Transforming Telcos: Data Mesh and Agentic AI as Catalysts for Growth
Note: This article primarily focuses on the concepts of Data Mesh. A separate article will cover the details of Agentic AI.
Unlocking Next-Level Growth and Optimization
Telco operators today face dual challenge:
- Managing ever-growing volumes of operational and analytical data
- Meeting strict service-level objectives (SLOs) for innovative business demands.
Traditional monolithic data architectures — such as centralized data lakes — often struggle under the weight of increasing data complexity, siloed ownership, high latency, and limited agility.
In contrast, a modern, distributed data management approach, represented by the Data Mesh paradigm, offers a scalable, self-service foundation that empowers domain teams and supports real-time, context-rich insights. When combined with advanced techniques such as Large Language Models (LLMs) and Agentic AI, Operators can not only optimize their OSS/BSS systems and network performance but also accelerate their transformation into agile, digitally driven enterprises.

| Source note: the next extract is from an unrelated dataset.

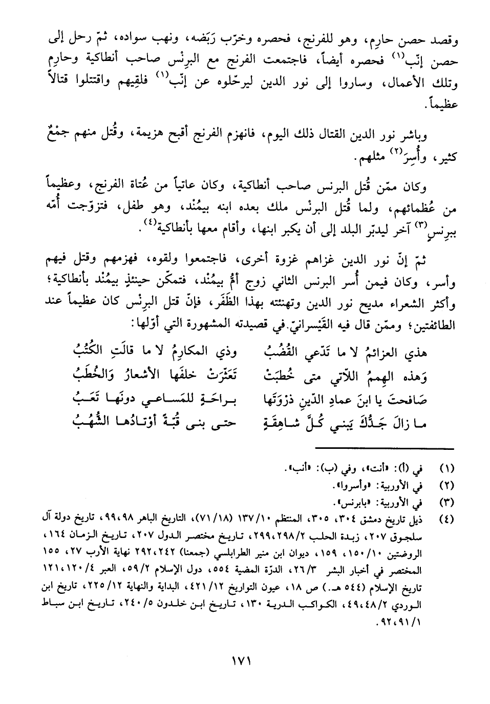 ثُمَّ إِنَّ نُورَ الدِّينِ غَزَاهُمْ غَزْوَةً أُخْرَى، فَاجْتَمَعُوا وَلَقُوهُ، فَهَزَمَهُمْ وَقَتَلَ فِيهِمْ وَأَسَرَ، وَكَانَ فِيمَنْ أُسِرَ الْبِرِنْسُ الثَّانِي زَوْجُ أُمِّ بِيمُنْدَ، فَتَمَكَّنَ حِينَئِذٍ بِيمُنْدُ بِأَنْطَاكِيَةَ ; وَأَكْثَرَ الشُّعَرَاءُ مَدِيحَ نُورِ الدِّينِ وَتَهْنِئَتَهُ بِهَذَا الظَّفَرِ، فَإِنَّ قَتْلَ الْبِرِنْسِ كَانَ عَظِيمًا عِنْدَ الطَّائِفَتَيْنِ، وَمِمَّنْ قَالَ فِيهِ الْقَيْسَرَانِيُّ فِي قَصِيدَتِهِ الْمَشْهُورَةِ الَّتِي أَوَّلُهَا: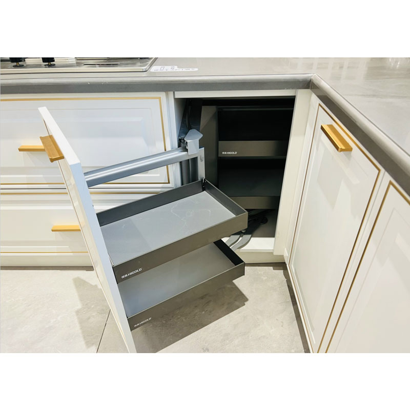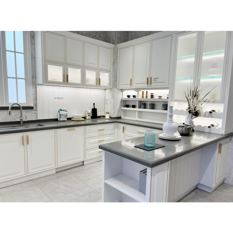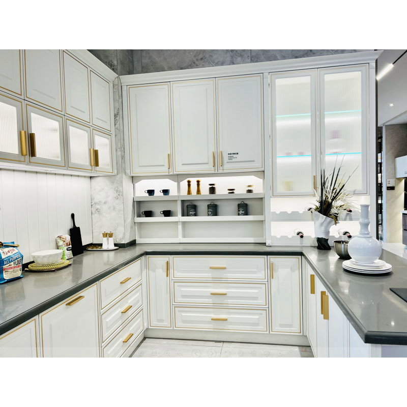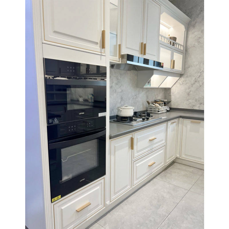 Ang mga puting cabinet sa kusina ay napakadaling pagsamahin sa iyong istilo ng dekorasyon sa bahay. Sinoah puting PVC kitchen cabinet na may parisukat na hugis ng mga pinto ng kitchen cabinet. Ang mga puting cabinet sa kusina ay tumutugma sa ginintuang kulay ng mga hawakan ng mga cabinet sa kusina upang gawing moderno at klasikal na tradisyonal na kusina ang mga minimalist na cabinet sa kusina.

A. Rethinking the Data Management Journey
Legacy Challenges
Over time, enterprises, and telecoms continue refining the data management strategies in response to evolving business objectives and market pressures. Traditional approaches have typically involved:
Centralized Monoliths: Data from operational systems (for example, network elements, customer records, or billing systems) is funneled into a single, central data lake. While this can work for batch processing, it often fails to meet near-real-time requirements and slows innovation.
Fragmentation and Siloes: As data volume and diversity increase, disparate teams create their own data models and pipelines. This results in duplicated efforts, lack of transparency in data lineage, and difficulties in ensuring consistent data quality and governance.
Limited Agility: Centralized data teams frequently become bottlenecks. e.g. a data scientist may need raw data for model training, while a network operations team requires near-real-time insights on tower / site performance metrics. A one-size-fits-all solution fails to serve these diverse needs.
The Need for a Unified, Distributed Approach
To overcome these limitations, modern organizations are moving toward an architecture that unifies both operational and analytical data on a common, self-service infrastructure. Such a model needs to be:
Distributed: Decentralizing data ownership by aligning it with business domains.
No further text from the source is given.